しかしながら、基本通りに一般から具体へ進めてもうまくいくとは限らない。インタビューをする側と受ける側に陥りがちな罠がある。

インタビュー・アンチパターンとその対策

まずインタビューをする側の典型例だが、自分の仮説に誘導する人がいる。

仮説は検証するものであって、売りつけるものではない。売りつけてしまうとインタビューを受ける人がおもんばかって、仮説に話を合わせてくることがある。

インタビューを受ける人は後のプロセスで痛い目を見ない。そのため、その場の人間関係をやりすごしがちである。インタビュアーは仮説に反するものであっても、フラットに聞くことが重要である。

フラットなインタビューは新しい発見をもたらすことがある。何回も仮説を練り直したり方向転換することはよくあることである。新しい発見は方向転換のヒントを与えてくれる。

インタビューを受ける側が、持論を展開することがある。たいていの場合、話が長く実りは少ない。

顧客は自分が悩んでいる問題の専門家だが、解決の専門家ではない。

適切なアドバイスもあるが、それは1割にも満たない。

ユーザー・インタビューでは、解決策ではなく問題を聞く。問題を掘り下げていく。掘り下げていく際には丁寧に具体化していくことが重要になる。

一般論ではなく、インタビューを受ける人が体験したリアルを追求する。「何があったのですか?」「具体的に言うと?」「例えば?」などの質問で個別の事例を追求していく。

具体化しながら問題の軸を探り、構造化していく。機能的な問題と感情的な問題の両方を行き来しながら掘り下げる。機能的ベネフィットと感情的なベネフィットを探るためである。

しかしながらインタビュアー泣かせなことに感情面を見せない人がいる。

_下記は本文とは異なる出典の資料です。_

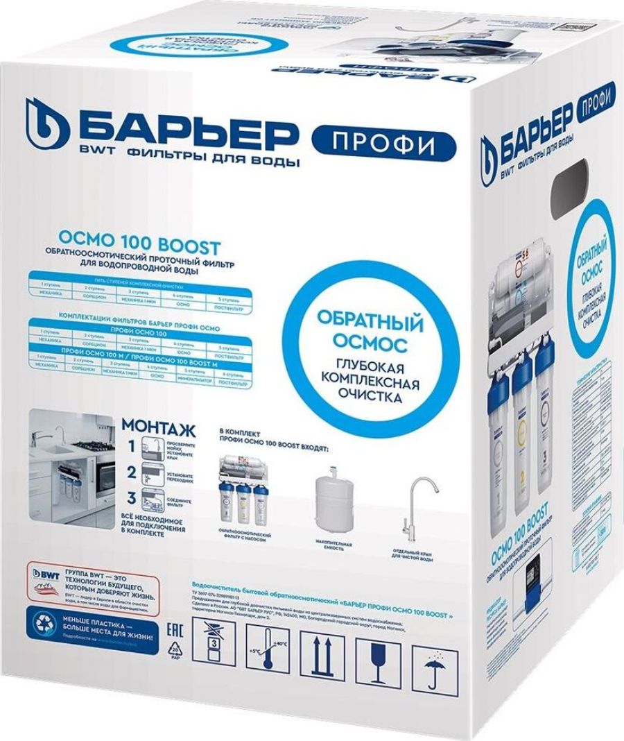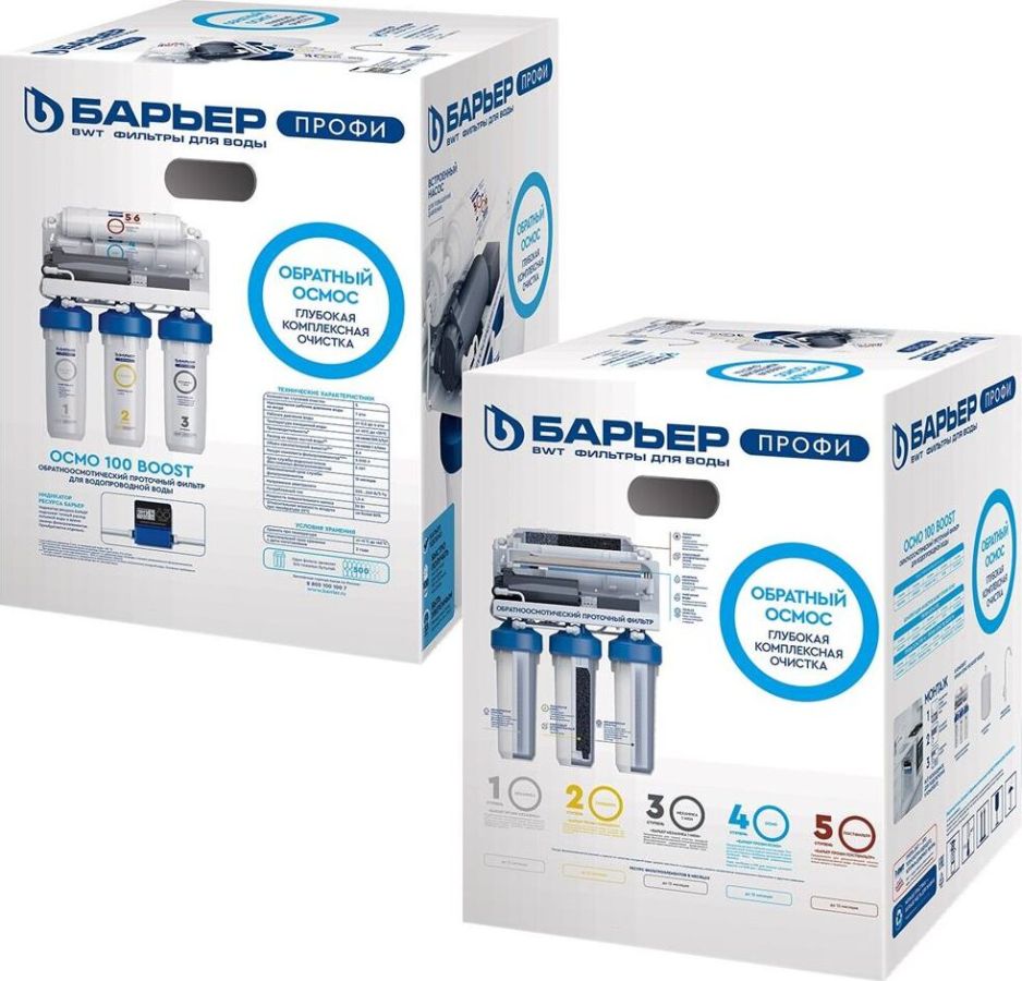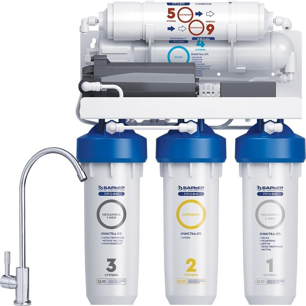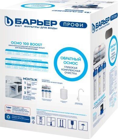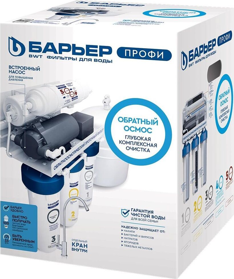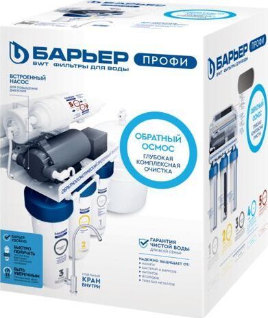 Система для очистки воды методом обратного осмоса с насосом повышения давления. Позволяет обеспечить семью кристально-чистой и водой, не уступающей по качеству бутилированной. Тип очистки воды обратноосмотическая система Объем 8 л. Ресурс 5000 л. Скорость фильтрации 0.34 л/мин. Количество картриджей в комплекте 5 шт. Система очистки пятиступенчатая. Рабочее давление до 7 атмосфер.

これは知的レベルが高い人によく見られる傾向である。知性によって現状を正当化する。ここにヒントがあることは多い。

たとえば、システム構築を大手に発注している会社があるとしよう。

理想的にはもっとスピードが早い業者を選びたい。しかし他の業者にスイッチするコストが高く、どこも同じようなものと正当化することがよくあるだろう。

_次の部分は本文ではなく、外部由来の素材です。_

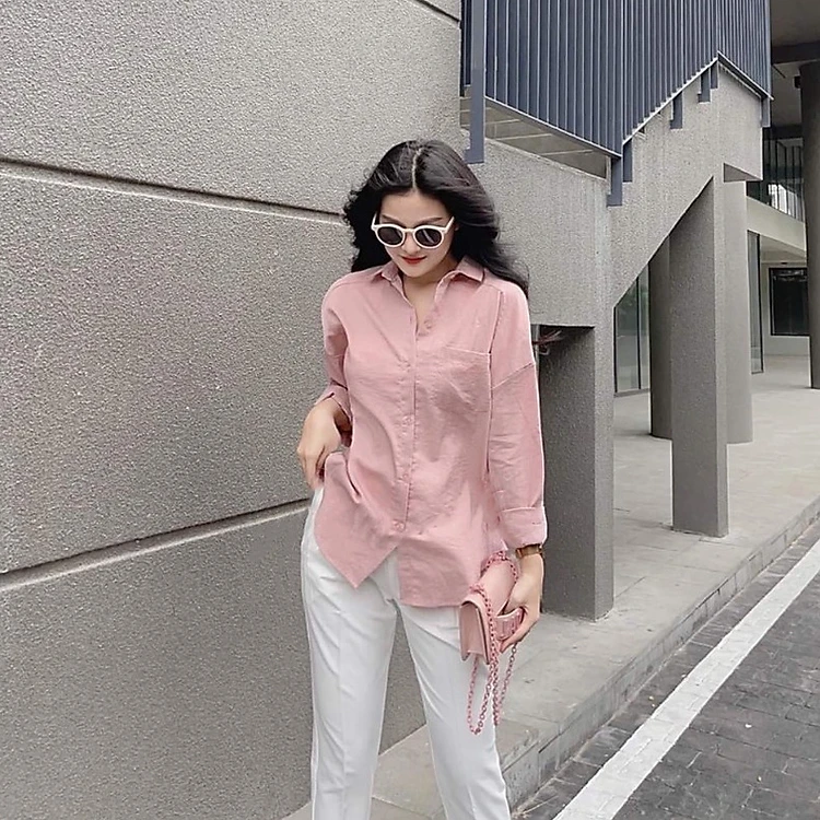 Áo sơ mi nữ form rộng dáng dài chất liệu Đũi mềm nhẹ thoáng mát, áo sơ mi bigsize từ 40kg đến 95kg NeSa Shop

そこでインタビュアーが理性を緩めたり、理想像を意識させたり、別の視点を提供する。「みなさん同じように困っていますよね」「対応が遅くて困った例を教えてもらえますか」「あなたがCIOで、システムを短期間で構築するように社長から言われたら、どのように解決しますか」など、さまざまな質問方法があるだろう。

構造化すると、問題を整理する軸が見つかる。語られていない領域を発見することがある。たとえば、AIエンジニアの養成講座を企画し、知り合いのITエンジニアからインタビューしたとしよう。

「AIができないとまずい」というグループと「AIでキャリアが広がる」というグループがあったとする。前者にはキャリアという言葉は出てこない。

そこで「あなたにとってAIはどんな意味があるのですか」と聞くと、前者は「事業でAIを使わないと、今後は戦えない」、後者は「給与がよさそう」「面白そう」という回答が得られた。

前者は事業を活性化する責任がある立場にあり、AIの競合は事業を強化するさまざまなノウハウになる。後者は個人の利益や興味を追求するものであり、AIの競合は最先端のテクノロジーや市場価値の高いスキルになる。

語られていないところにユーザーの価値観やセグメントの軸について重要なヒントが得られることがある。

インタビューを受ける側が、本音を言ってくれないことがある。例えば、見栄をはる、社会的役割に縛られる、暗黙知、などはよくあることである。

グループインタビューで発生しがちなので、インタビューに慣れないうちは1対1でおこなう方がよいだろう。

1対1でも本音を話してくれないことがある。そのような場合は、信頼関係を丁寧に築き、さまざまな技法を使うことが必要になる。

詳細はマーケティング・インタビューを参照されるか、実践と振り返りのなかで腕を磨いてほしい。

クロージング

ビジネス書では顧客のニーズを理解することが重要と繰り返し唱えられている。

その多くで提案されるのは、精神論や観察することであるが、体系立ったノウハウは少ない。顧客開発モデルやリーンスタートアップ以降、仮説検証のマネジメントが整理されてきたが、問題発見とインタビューは依然として属人的なものとして扱われている

これらは感性をあつかう領域なので、ある程度の属人性が残るのは仕方がない。人によっては器用にこなしてしまい、当人が何をしているのか説明できないことも多い。他人からすると、それは神秘的なものに見える。

この記事は、あえて属人的な領域に足を踏み入れた。光が当たることが少ない領域を概観することを目指した。より掘り下げて調べたい人は文中の書籍を参照されたい。

この記事がAIをはじめとする新しいビジネスに挑戦する人のヒントになれば幸いである。